Box | Green | Blue | Yellow |
---|---|---|---|

A | 3 | 2 | 1 |

B | 2 | 1 | 2 |

C | 4 | 2 | 3 |

- (a) 37/18
- (b) 15/56
- (c) 18/37
- (d) 50/15

**Answer:** (c) 18/37

**Reason:** This question applies Bayes’ theorem to calculate the posterior probability that the chosen box was A given that the pens drawn are blue and green. By using conditional probabilities, we can compute the likelihood and then solve for the probability.

**Question 7:**

*True or False: The primary advantage of the tournament approach in multiclass classification is its effectiveness when using weak classifiers.*

**Answer:** True

**Reason:** Tournament-based approaches are especially useful in multiclass classification scenarios with weak classifiers because they reduce the problem into smaller binary classification tasks, which can be more efficiently solved.

**Question 8:**

*A data scientist is using a Naive Bayes classifier to categorize emails as either "spam" or "not spam." The features used for classification include:*

- Number of recipients (To, Cc, Bcc)
- Presence of "spam keywords" (e.g., URGENT, offer, free)
- Time of day the email was sent
- Length of the email in words

*Which of the following scenarios, if true, is most likely to violate the key assumptions of Naive Bayes and potentially impact its performance?*

- (a) The length of the email follows a non-Gaussian distribution
- (b) The time of day is discretized into categories (morning, afternoon, evening, night)
- (c) The proportion of spam emails in the training data is lower than in real-world email traffic
- (d) There's a strong correlation between the presence of the word "free" and the length of the email

**Answer:** (d) There's a strong correlation between the presence of the word "free" and the length of the email

**Reason:** Naive Bayes assumes that features are independent. If there's a strong correlation between two features (e.g., the word "free" and the length of the email), this assumption is violated, which can lead to poor classification performance.

**Question 9:**

*Consider these two statements:*

**Statement 1:**Every Bayesian Network is inherently structured as Directed Acyclic Graphs (DAGs).**Statement 2:**Each node in a Bayesian network represents a random variable, and each edge represents conditional dependence.

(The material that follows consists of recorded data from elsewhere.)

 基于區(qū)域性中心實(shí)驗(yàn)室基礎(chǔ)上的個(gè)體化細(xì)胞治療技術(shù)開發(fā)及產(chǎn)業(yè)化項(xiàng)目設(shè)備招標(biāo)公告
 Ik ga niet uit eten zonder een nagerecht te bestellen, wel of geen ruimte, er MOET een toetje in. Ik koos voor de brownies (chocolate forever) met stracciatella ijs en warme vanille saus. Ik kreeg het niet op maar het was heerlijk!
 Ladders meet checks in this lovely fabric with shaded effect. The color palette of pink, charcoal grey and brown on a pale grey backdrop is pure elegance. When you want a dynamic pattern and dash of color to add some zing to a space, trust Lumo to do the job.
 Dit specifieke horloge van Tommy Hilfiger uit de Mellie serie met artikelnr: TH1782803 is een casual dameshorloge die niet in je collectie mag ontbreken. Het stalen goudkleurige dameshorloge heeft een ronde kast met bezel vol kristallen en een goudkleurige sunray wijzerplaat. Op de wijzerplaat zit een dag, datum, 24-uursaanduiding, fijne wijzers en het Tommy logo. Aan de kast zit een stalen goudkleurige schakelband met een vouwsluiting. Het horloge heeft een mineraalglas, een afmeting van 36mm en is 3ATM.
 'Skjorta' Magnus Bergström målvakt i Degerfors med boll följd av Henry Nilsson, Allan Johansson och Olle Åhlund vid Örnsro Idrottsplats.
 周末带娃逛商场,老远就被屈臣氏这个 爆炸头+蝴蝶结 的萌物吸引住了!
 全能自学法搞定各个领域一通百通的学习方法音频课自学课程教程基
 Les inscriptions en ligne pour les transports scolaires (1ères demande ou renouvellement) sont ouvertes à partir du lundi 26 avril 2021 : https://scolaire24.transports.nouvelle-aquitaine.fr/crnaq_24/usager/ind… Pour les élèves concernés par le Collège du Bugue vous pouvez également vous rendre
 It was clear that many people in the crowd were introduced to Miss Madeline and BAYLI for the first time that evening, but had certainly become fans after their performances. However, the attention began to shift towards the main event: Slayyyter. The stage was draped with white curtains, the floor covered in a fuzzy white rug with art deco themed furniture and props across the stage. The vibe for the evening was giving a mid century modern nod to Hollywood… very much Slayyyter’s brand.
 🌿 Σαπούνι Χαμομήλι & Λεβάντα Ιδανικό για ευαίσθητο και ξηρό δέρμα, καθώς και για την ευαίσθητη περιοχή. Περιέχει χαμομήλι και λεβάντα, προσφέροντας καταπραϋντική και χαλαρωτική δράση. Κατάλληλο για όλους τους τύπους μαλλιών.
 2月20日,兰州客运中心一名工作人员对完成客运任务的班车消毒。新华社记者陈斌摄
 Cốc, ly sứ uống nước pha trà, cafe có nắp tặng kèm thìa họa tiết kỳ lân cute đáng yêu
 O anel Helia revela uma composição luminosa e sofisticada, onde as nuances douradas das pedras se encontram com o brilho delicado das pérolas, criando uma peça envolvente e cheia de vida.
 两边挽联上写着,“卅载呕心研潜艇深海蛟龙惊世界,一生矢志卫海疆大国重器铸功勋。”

*Which of these are true?*

- (a) Both the statements are True
- (b) Statement 1 is true, and statement 2 is false
- (c) Statement 1 is false, and statement 2 is true
- (d) Both the statements are false

**Answer:** (a) Both the statements are True

**Reason:** A Bayesian Network is a Directed Acyclic Graph (DAG), where each node represents a random variable, and the directed edges represent conditional dependencies between variables. This is a fundamental property of Bayesian Networks.